▶ **Directions**
Only the pictures are to be dropped; the rest of the data below is to be duplicated exactly.

▶ **Provided information**
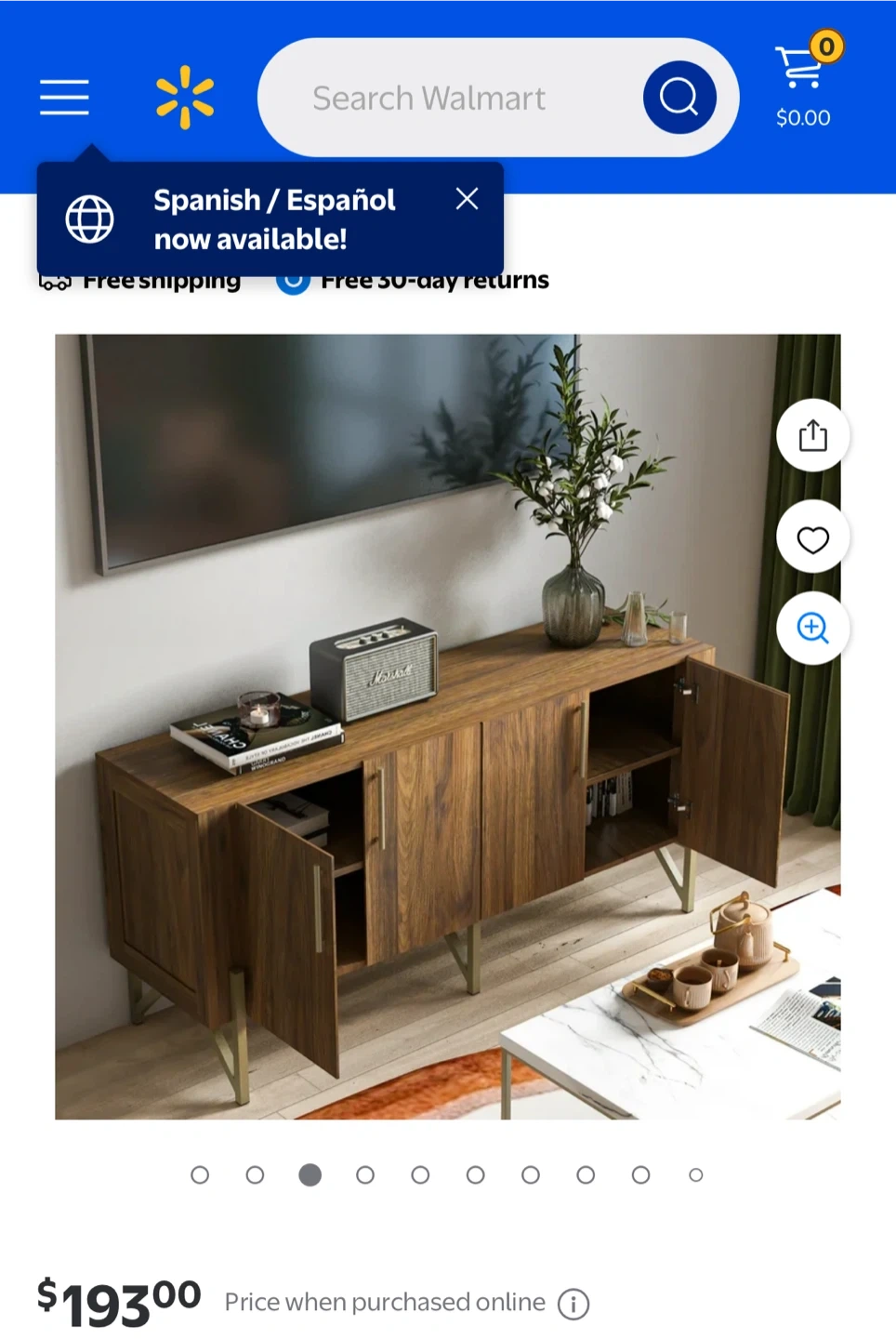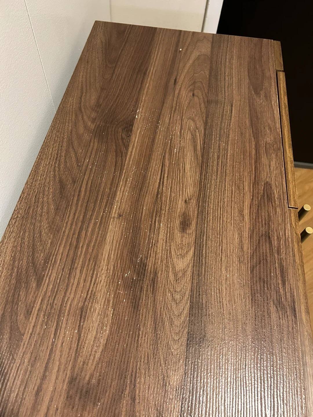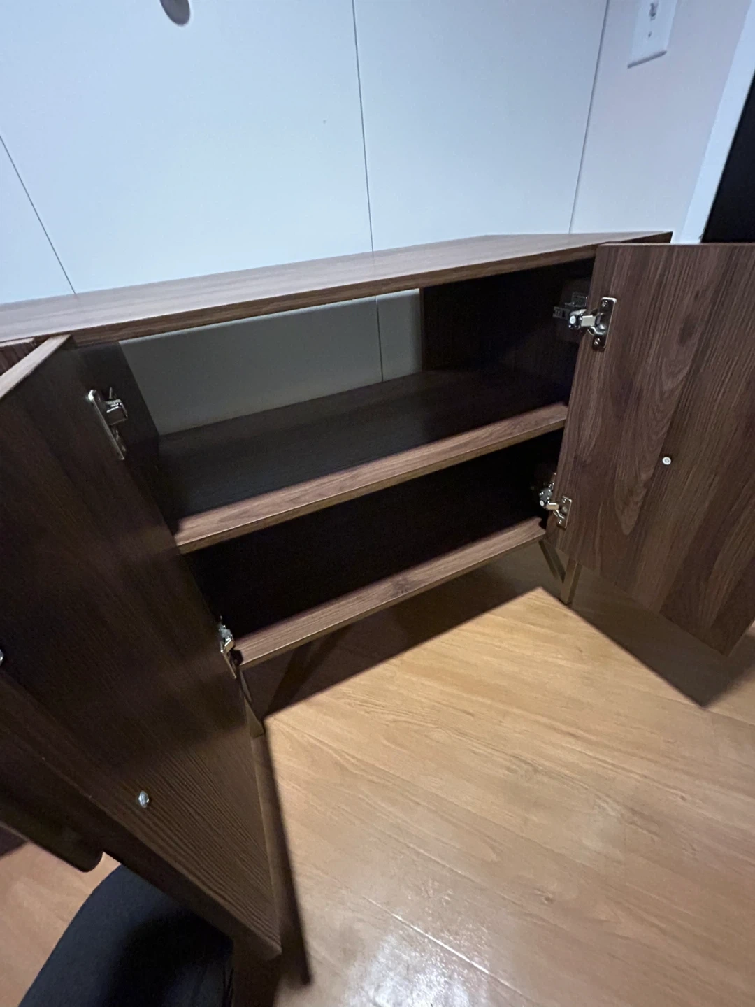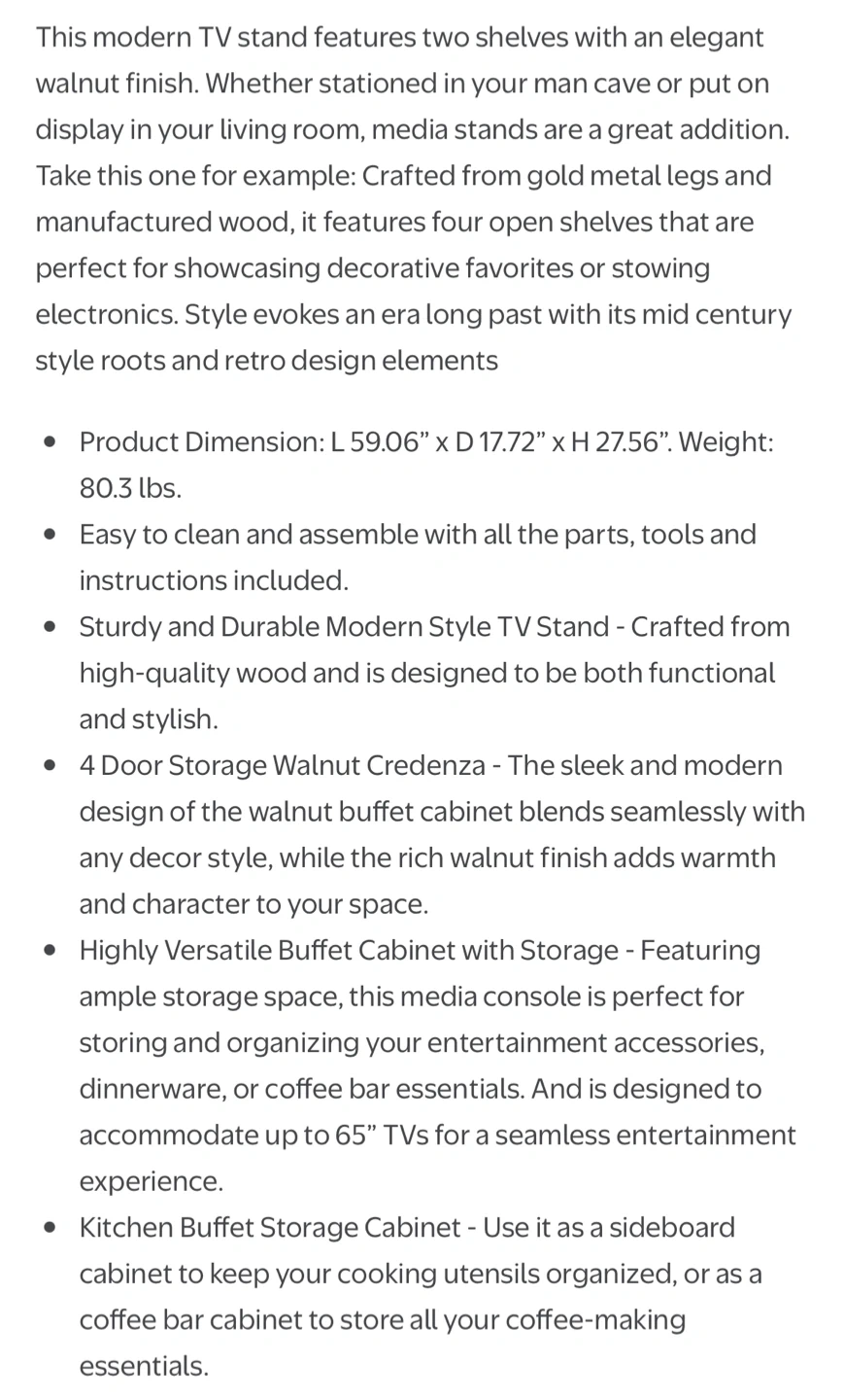Selling a stylish brown wood cabinet that would look great in any room! It features gold accents on the handles and legs, adding a touch of elegance. The cabinet offers ample storage space with shelves inside. There are some minor signs of use on the top surface and the back of the cabinet is taken off because it fell apart.
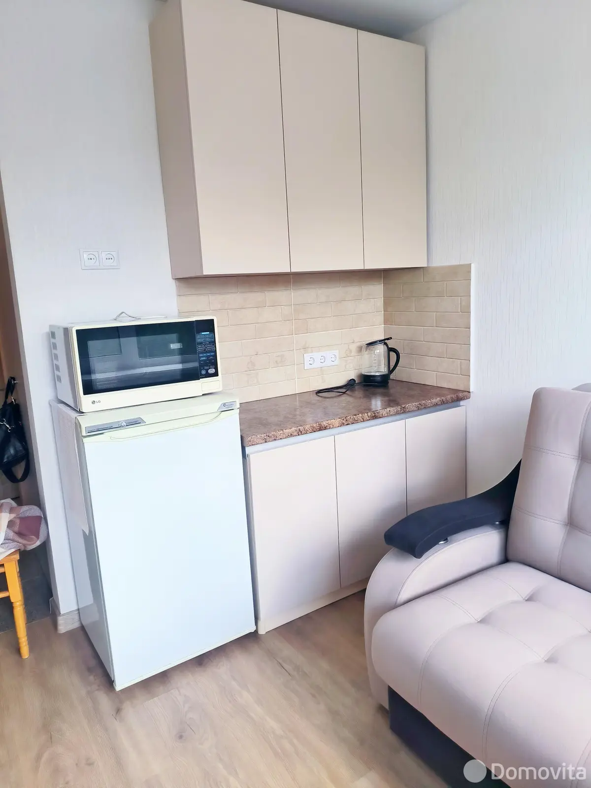 Продается квартира-студия в районе Аэропорта Гомель, в здании гостиницы «Полет». Квартира-студия со свежим дизайнерским ремонтом в теплом кирпичном доме 1987 года. Дом после капитального ремонта, все коммуникации, проводка и водопровод новые. В квартире окно ПВХ с видом во двор, в прихожей встроенный шкаф, на полу плитка, ламинат, новая межкомнатная дверь. Кухонный гарнитур, вся необходимая посуда, техника и вся новая мебель остаются при продаже. Сан.узел совмещен, сантехника новая. В квартире хорошая тепло и звукоизоляция. Установлены счетчики воды, много розеток. Квартира полностью готова к проживанию. В холле всегда чистота и порядок, есть охрана и уборщица. Частная собственность.
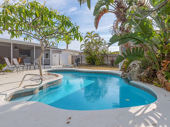 Charming mid century modern beachside 3/2 pool home just blocks to the beach. Fully furnished $3500 per month minimum rental 3 months includes utilities now until December 31st. $5000 for January 1, 2026-May 1, 2026. 12 month lease furnished/unfurnished $3250 per month not including utilities. This home is well cared for! Private tropical fenced in backyard oasis with in-ground heated pool. Extra large screened in porch. Lawn and pool care included. Located close to Pineda Causeway, Patrick Air Force and a short drive to Viera.
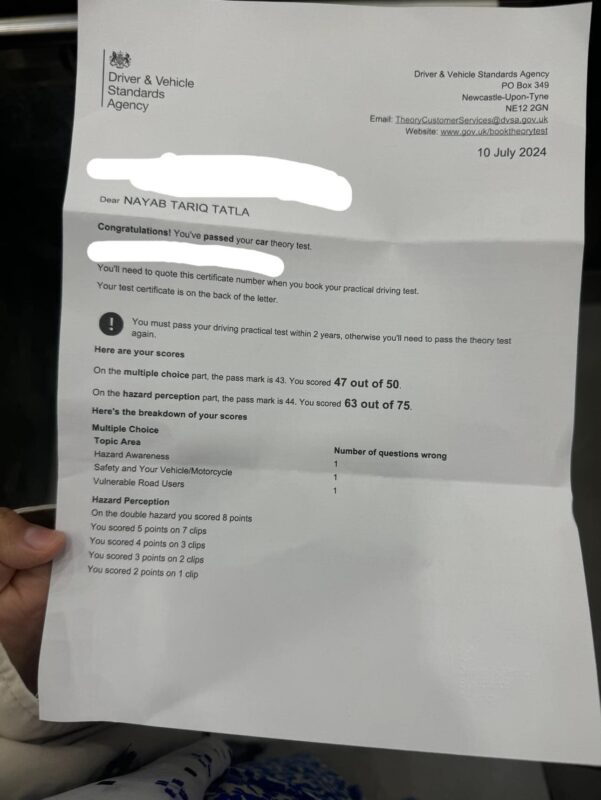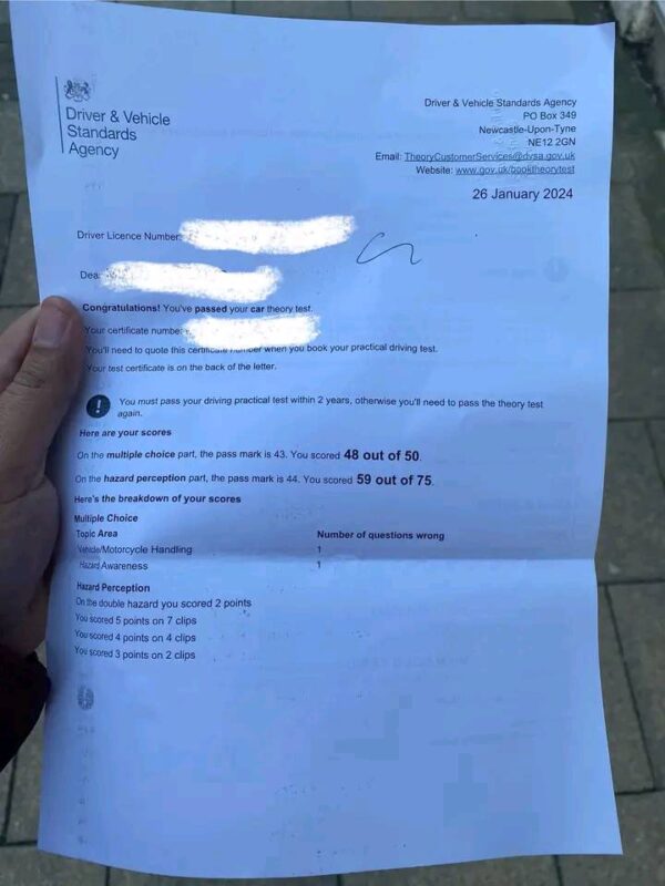Once you pass, you will receive a theory test pass certificate. This certificate is proof that you have successfully completed the theory exam and is required when booking your practical driving test.
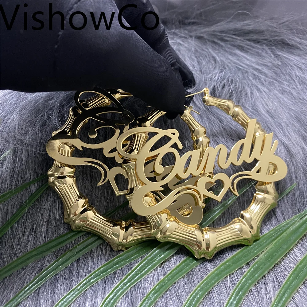 VishowCo 30 мм-100 мм Бамбук Серьги-кольца бамбуковые стильные индивидуальные серьги с именем на заказ ювелирные изделия на заказ подарок для женщин
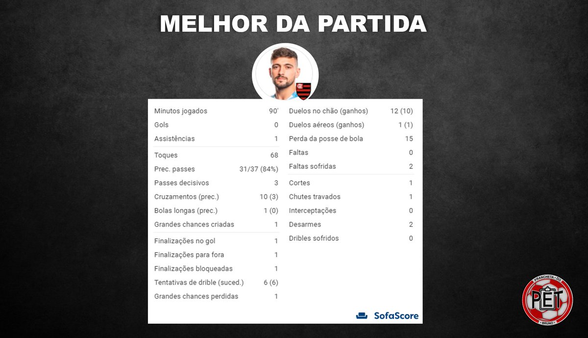 O destaque individual fica para o onipresente, onisciente e onipotente Giorgian De Arrascaeta. Participou de todas as ações ofensivas do Fla. Foram 68 ações com bola, 3 passes decisivos, 6 dribles certos de 6 tentados e 11 de 13 duelos físicos vencidos. Um recital do uruguaio.
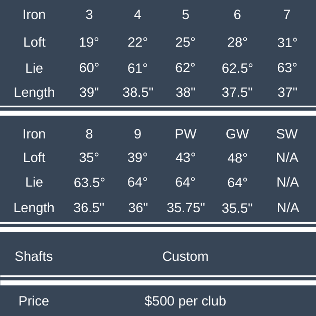 Information…pricing on titleist. cp03 irons
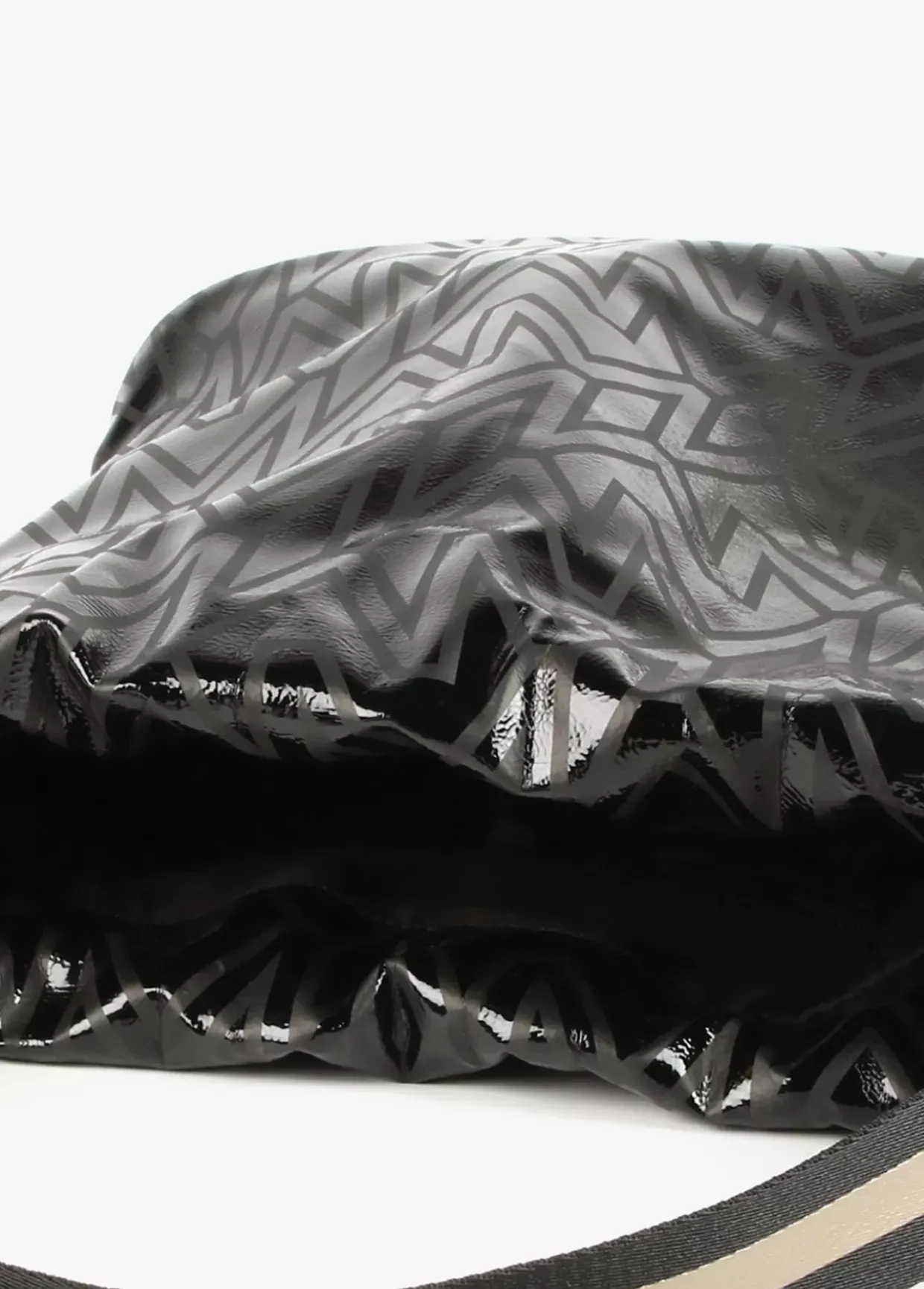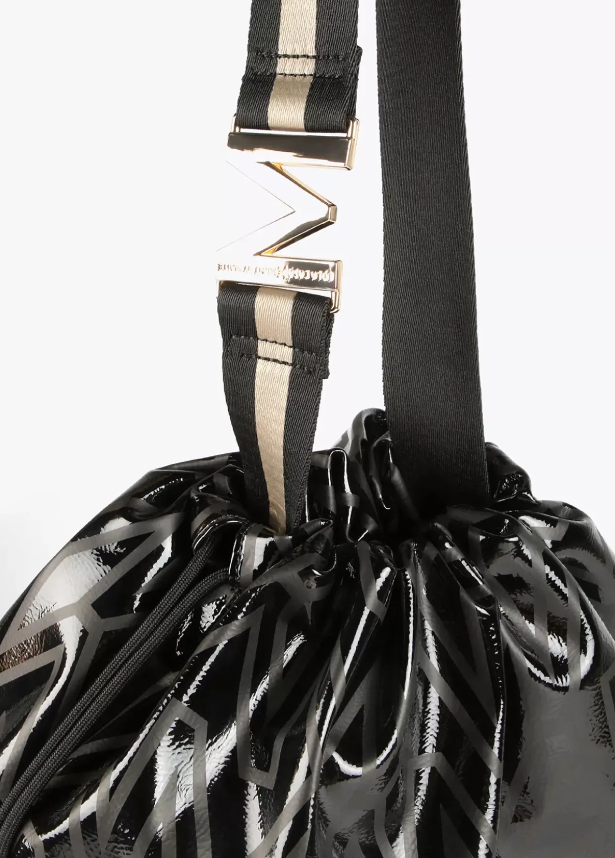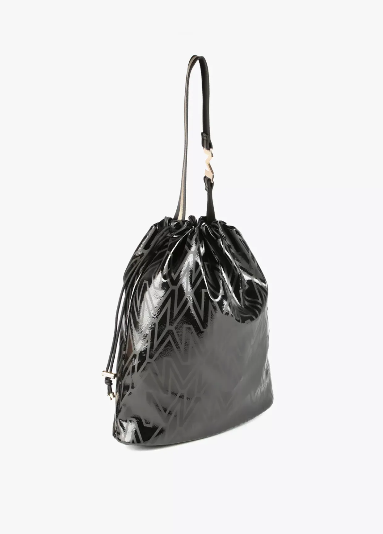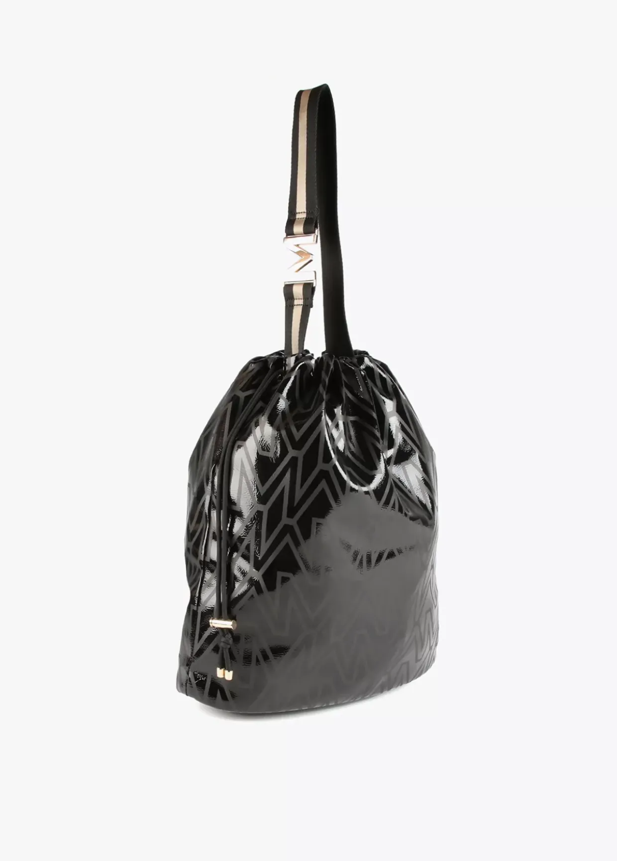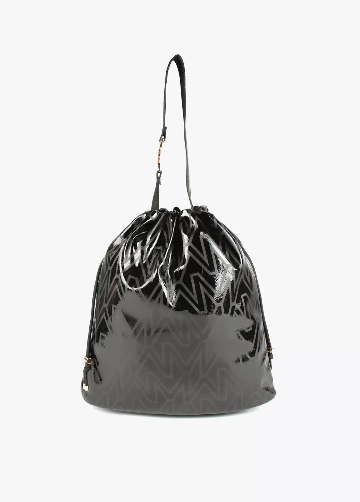Bolso shopper tipo saco con estampado monograma. Asa con letra logo dorada y cierre con cordón ajustable.

▶ **Solution to this exercise**
Selling a stylish brown wood cabinet that would look great in any room! It features gold accents on the handles and legs, adding a touch of elegance. The cabinet offers ample storage space with shelves inside. There are some minor signs of use on the top surface and the back of the cabinet is taken off because it fell apart.
 Продается квартира-студия в районе Аэропорта Гомель, в здании гостиницы «Полет». Квартира-студия со свежим дизайнерским ремонтом в теплом кирпичном доме 1987 года. Дом после капитального ремонта, все коммуникации, проводка и водопровод новые. В квартире окно ПВХ с видом во двор, в прихожей встроенный шкаф, на полу плитка, ламинат, новая межкомнатная дверь. Кухонный гарнитур, вся необходимая посуда, техника и вся новая мебель остаются при продаже. Сан.узел совмещен, сантехника новая. В квартире хорошая тепло и звукоизоляция. Установлены счетчики воды, много розеток. Квартира полностью готова к проживанию. В холле всегда чистота и порядок, есть охрана и уборщица. Частная собственность.
 Charming mid century modern beachside 3/2 pool home just blocks to the beach. Fully furnished $3500 per month minimum rental 3 months includes utilities now until December 31st. $5000 for January 1, 2026-May 1, 2026. 12 month lease furnished/unfurnished $3250 per month not including utilities. This home is well cared for! Private tropical fenced in backyard oasis with in-ground heated pool. Extra large screened in porch. Lawn and pool care included. Located close to Pineda Causeway, Patrick Air Force and a short drive to Viera.
Once you pass, you will receive a theory test pass certificate. This certificate is proof that you have successfully completed the theory exam and is required when booking your practical driving test.
 VishowCo 30 мм-100 мм Бамбук Серьги-кольца бамбуковые стильные индивидуальные серьги с именем на заказ ювелирные изделия на заказ подарок для женщин
 O destaque individual fica para o onipresente, onisciente e onipotente Giorgian De Arrascaeta. Participou de todas as ações ofensivas do Fla. Foram 68 ações com bola, 3 passes decisivos, 6 dribles certos de 6 tentados e 11 de 13 duelos físicos vencidos. Um recital do uruguaio.
 Information…pricing on titleist. cp03 irons
Bolso shopper tipo saco con estampado monograma. Asa con letra logo dorada y cierre con cordón ajustable.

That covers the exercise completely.